◆ **Work order**
Would you reproduce, word for word, only the lines running from the top of the data through the line containing "(2)、3寸斗笠茶碗(双鱼图案,广口) 尺寸:杯口直径8.0cm*高3.4cm;容量约50ml 使用场景推荐:茶杯", and none of the pictures?

Data supplied section start

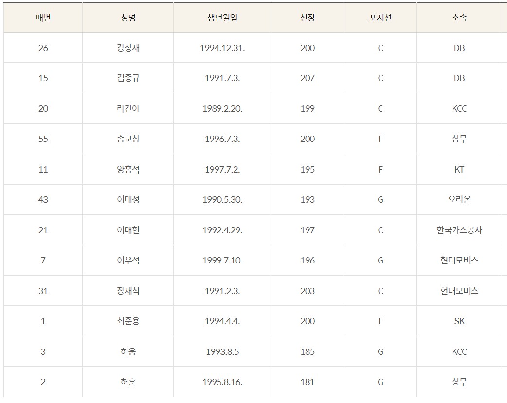 센터 - 라건아(199cm) , 강상재(200cm), 김종규(207cm), 이대헌(197cm), 장재석(204cm)
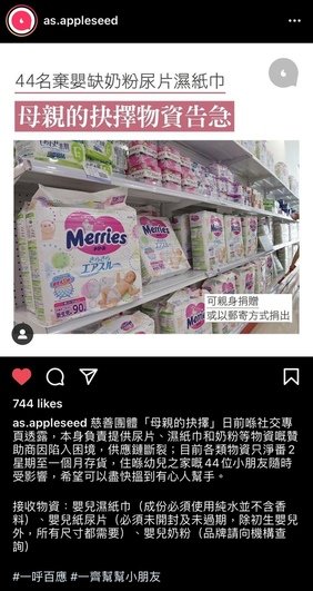 一直有人sponsor 尿片,但呢個人都sponsor 唔到,個機構咪叫人捐。
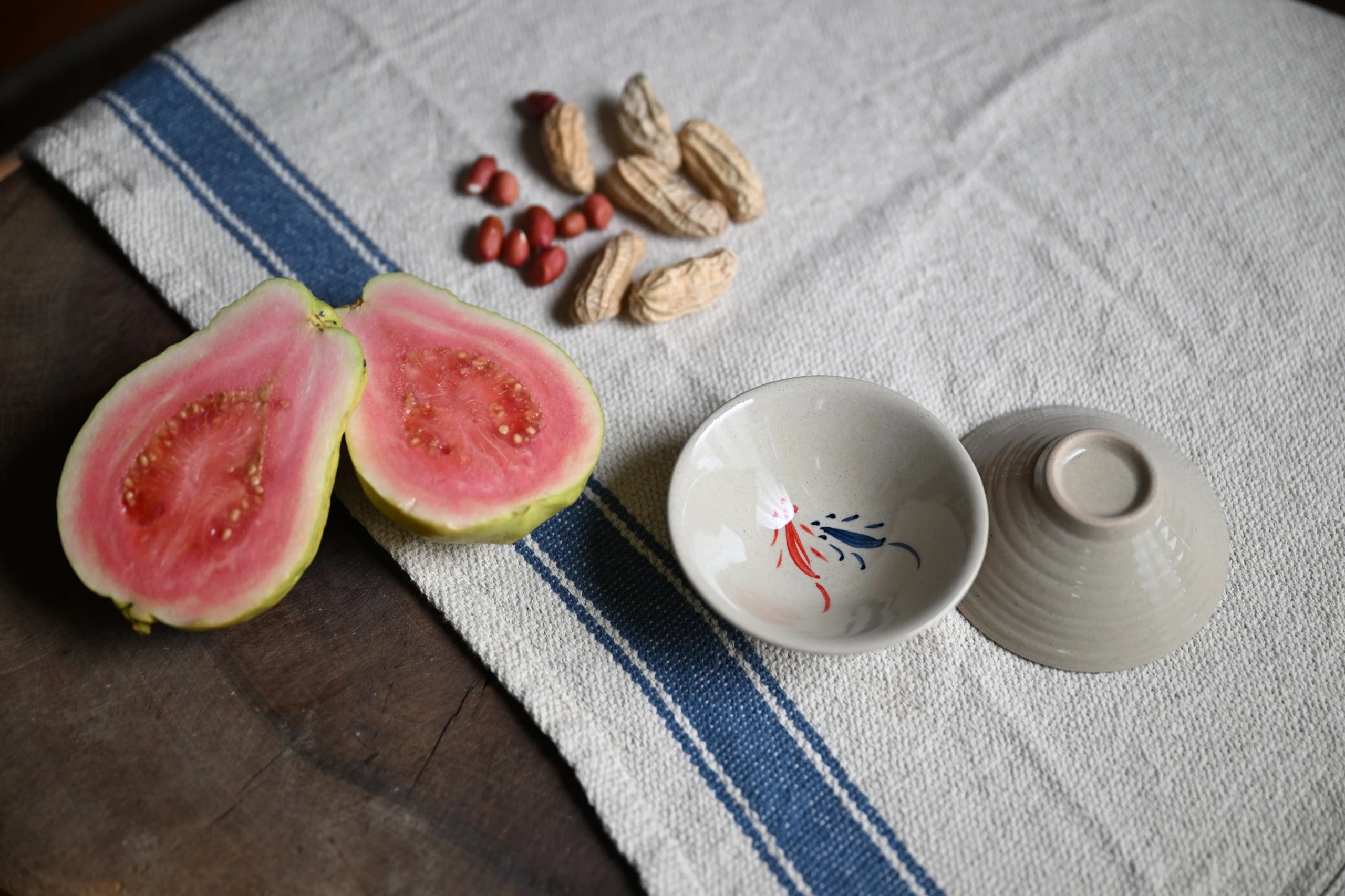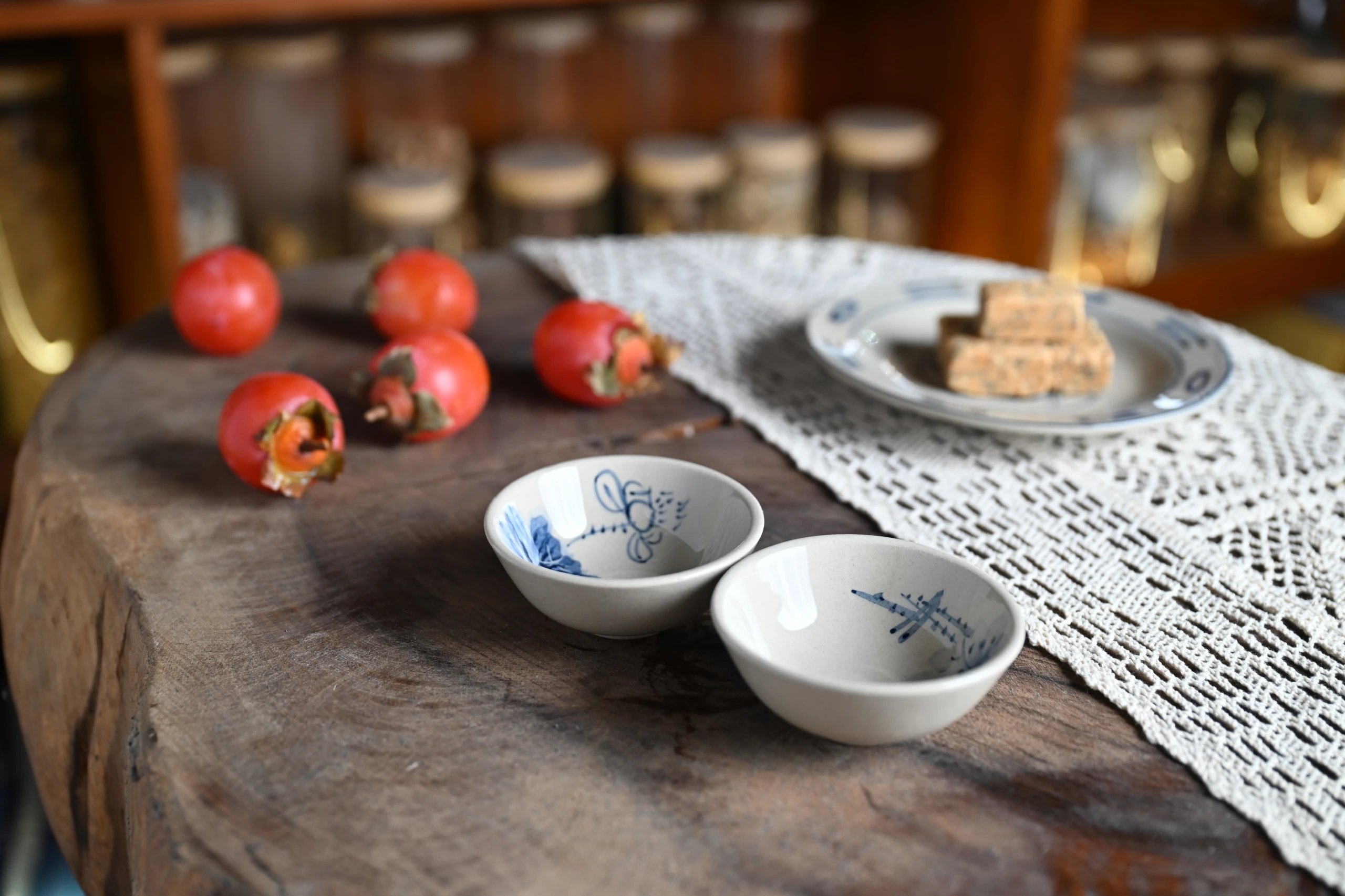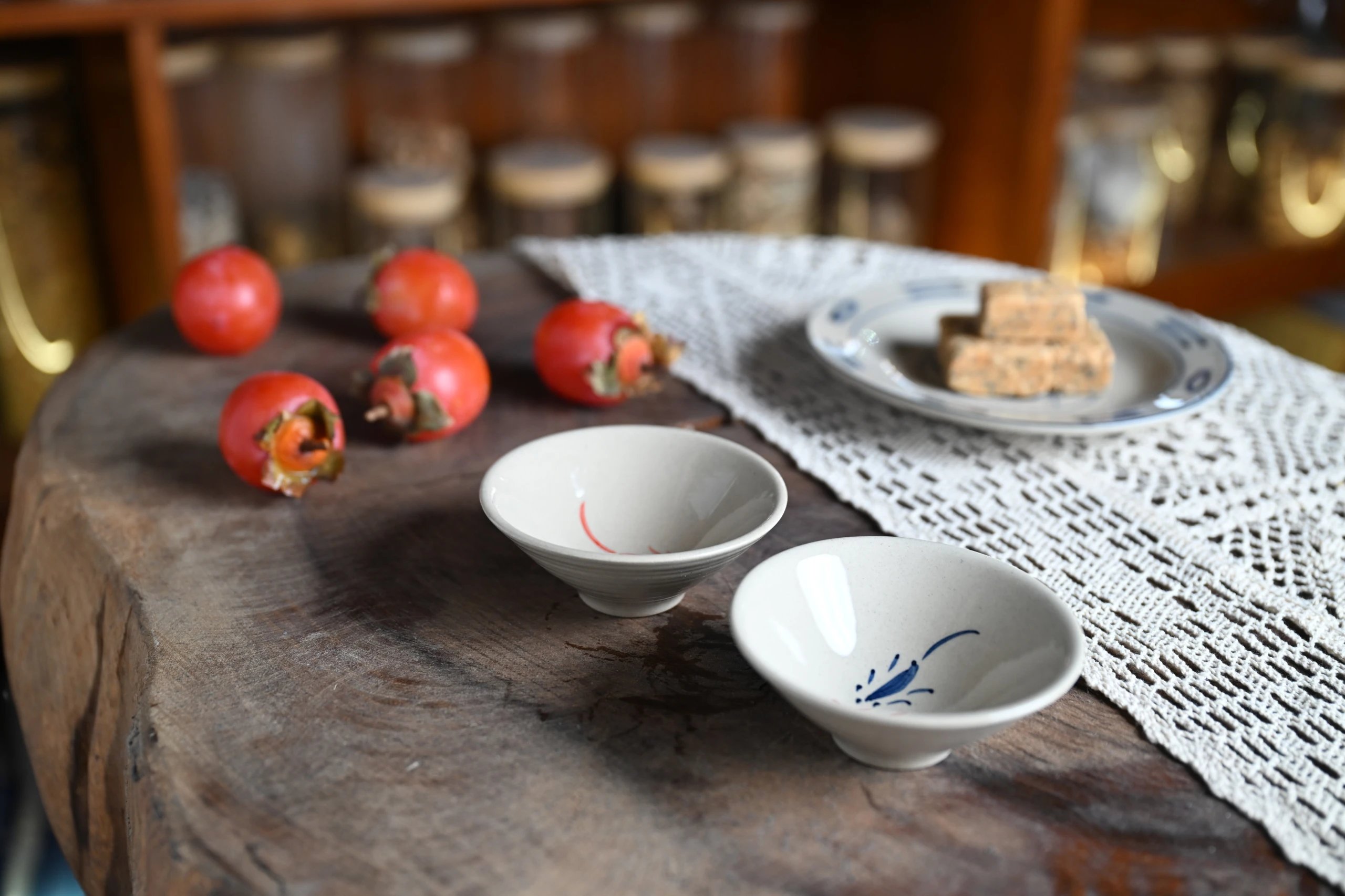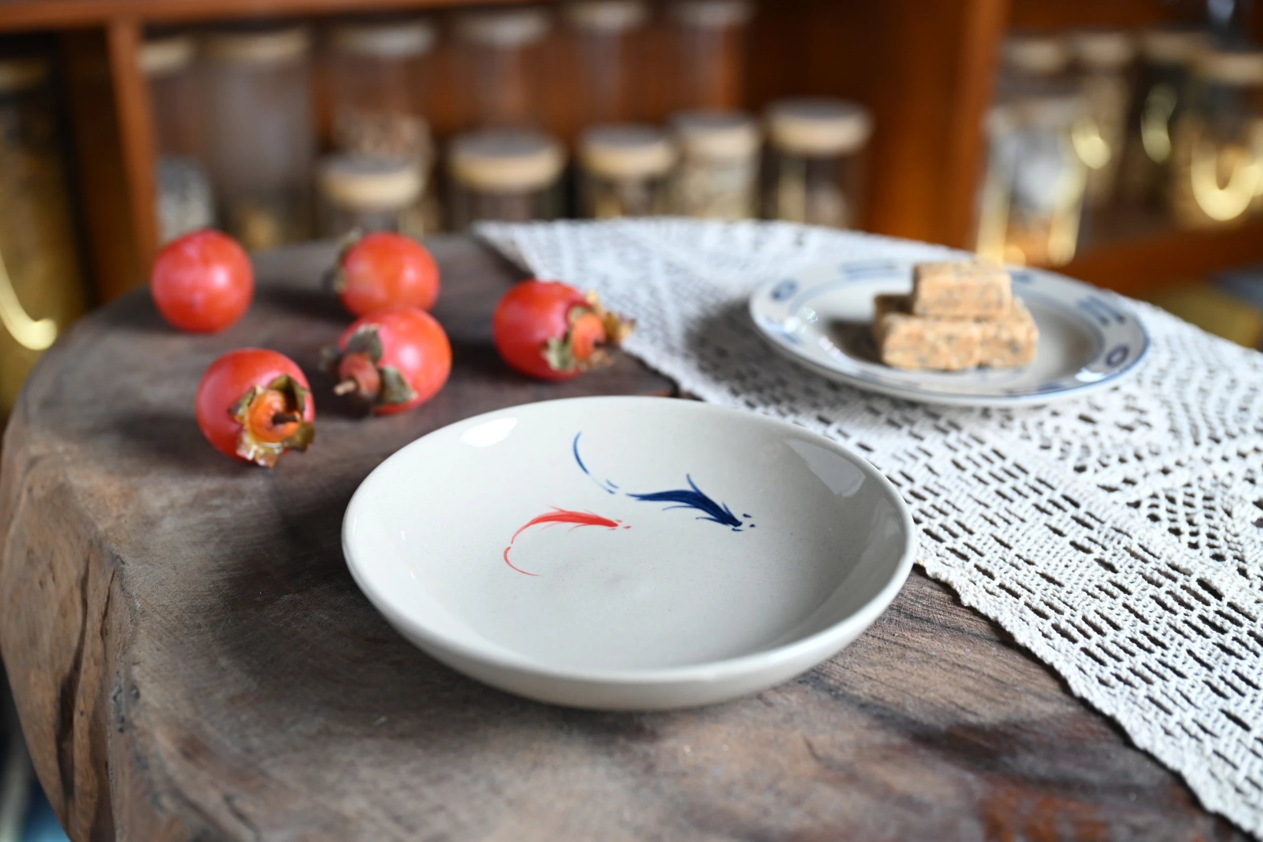 (2)、3寸斗笠茶碗(双鱼图案,广口) 尺寸:杯口直径8.0cm*高3.4cm;容量约50ml 使用场景推荐:茶杯
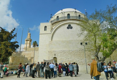 Within, we looked at the merge between the First and Second Period walls of the tower, the earlier wall suffering damage from the campaign of Babylonian king Nebuchadnezzar. I rather enjoyed the spectacular photographs of the excavations in the 70s and 80s, Jerusalem looked quite different even back then. Leaving the Israelite Tower, and closing the gate behind us, we retraced our way back through the Cardo and witnessed a Bar Mitzva procession to the recently rebuilt Hurva Synagogue – the lad playing what looked like a clarinet à la the Pied Piper.
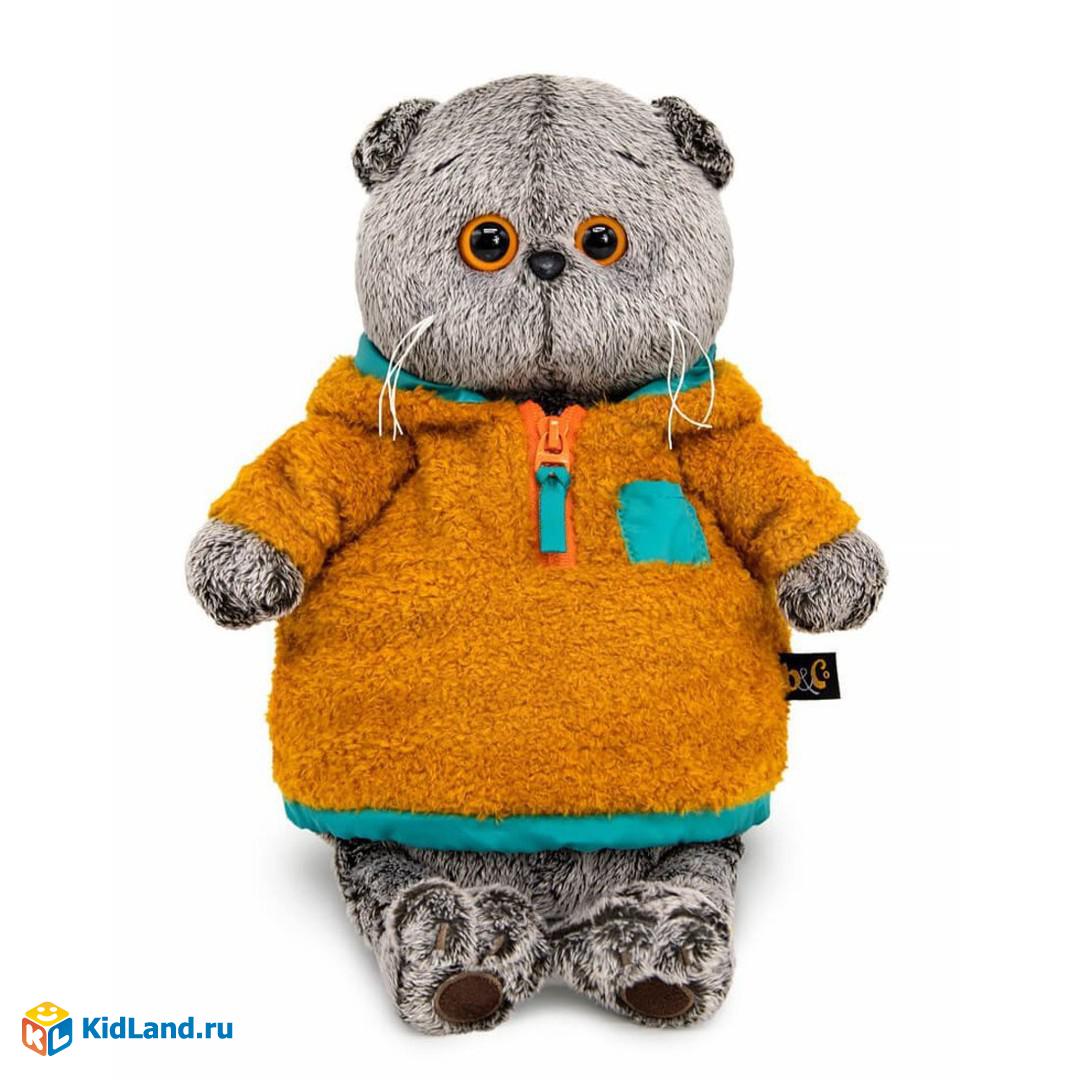 Кот Басик в стильном анораке из короткого мягкого меха цвета жжённой карамели. Анорак сшит с капюшоном, с накладным карманчиком из болоньевой ткани цвета бирюзы и с оранжевой зип-молнией спереди. Капюшон и низ анорака отделаны бирюзовой болонью.
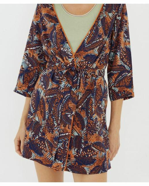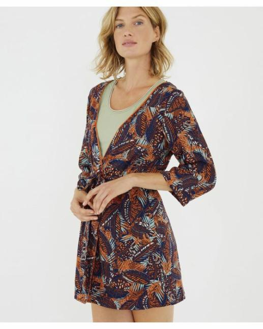 Damart Détente, Confort | Femme Robe De Chambre Forme Kimono, Maille Bouclette Bleu Outremer
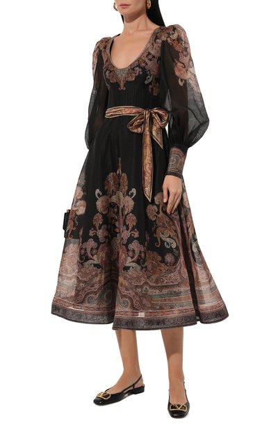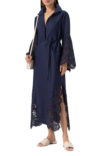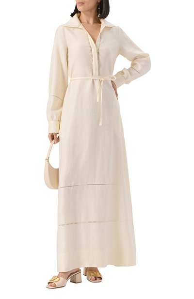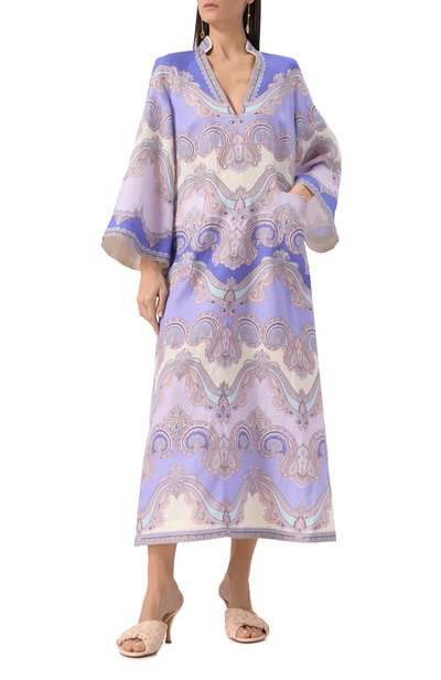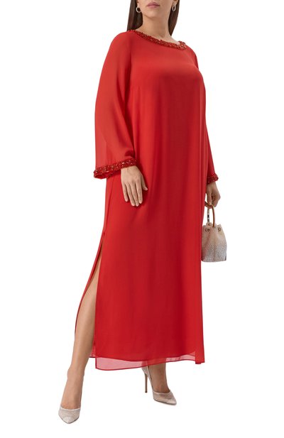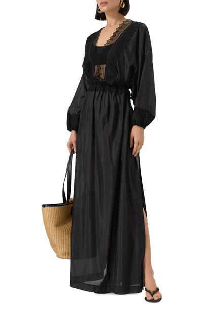Свободное платье-кейп Smirne с вертикальными оборками выполнили из шелкового жоржета. Глубокий V-образный вырез у изделия сзади дополнили перемычками. В комплект включили нижнее платье из вискозы.
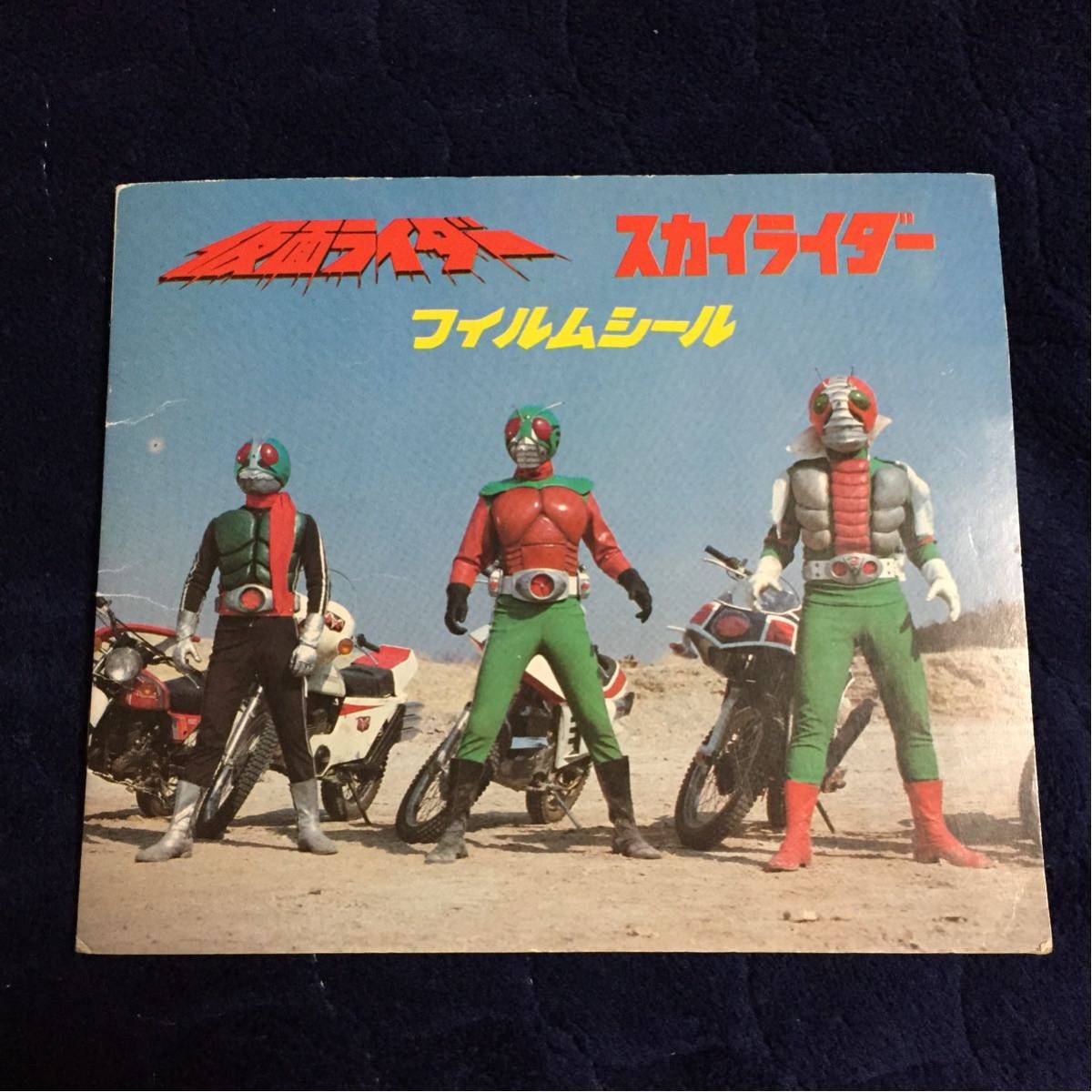 昭和時代に駄菓子屋さんなどで売っていた仮面ライダーとスカイライダーのフィルムシール(専用ファイル付)です。
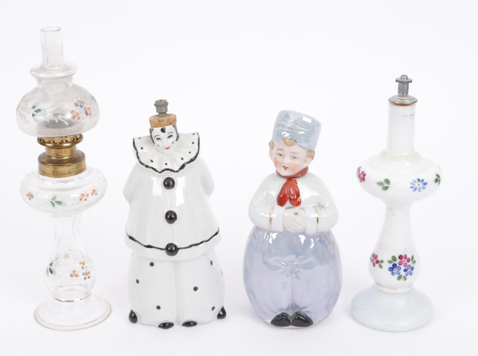 4 parfumflesjes, waaronder: 1 boldootglazen flacon, model antieke olielamp, glas met email bloembeschildering, sprinklerdop gemerkt "Boldoot Amsterdam", opzetglas als kopie van olielamp, begin 20e eeuw, hoogte 20 cm, 1 witte melkglazen fles in vorm olielamp, emaille beschildering, hoogte 16 cm, 1 klein mannetje, waarschijnlijk jeneverflesje, hoofdje is de dop, hoogte 14 cm, 1 porseleinen figuurtje, voorstellend een clown in wit pierrot kostuum, kurken dopje, jaren 1930, Frans, hoogte 15 cm

Data supplied section end

◆ **Answer to this exercise**
 센터 - 라건아(199cm) , 강상재(200cm), 김종규(207cm), 이대헌(197cm), 장재석(204cm)
 一直有人sponsor 尿片,但呢個人都sponsor 唔到,個機構咪叫人捐。
 (2)、3寸斗笠茶碗(双鱼图案,广口) 尺寸:杯口直径8.0cm*高3.4cm;容量约50ml 使用场景推荐:茶杯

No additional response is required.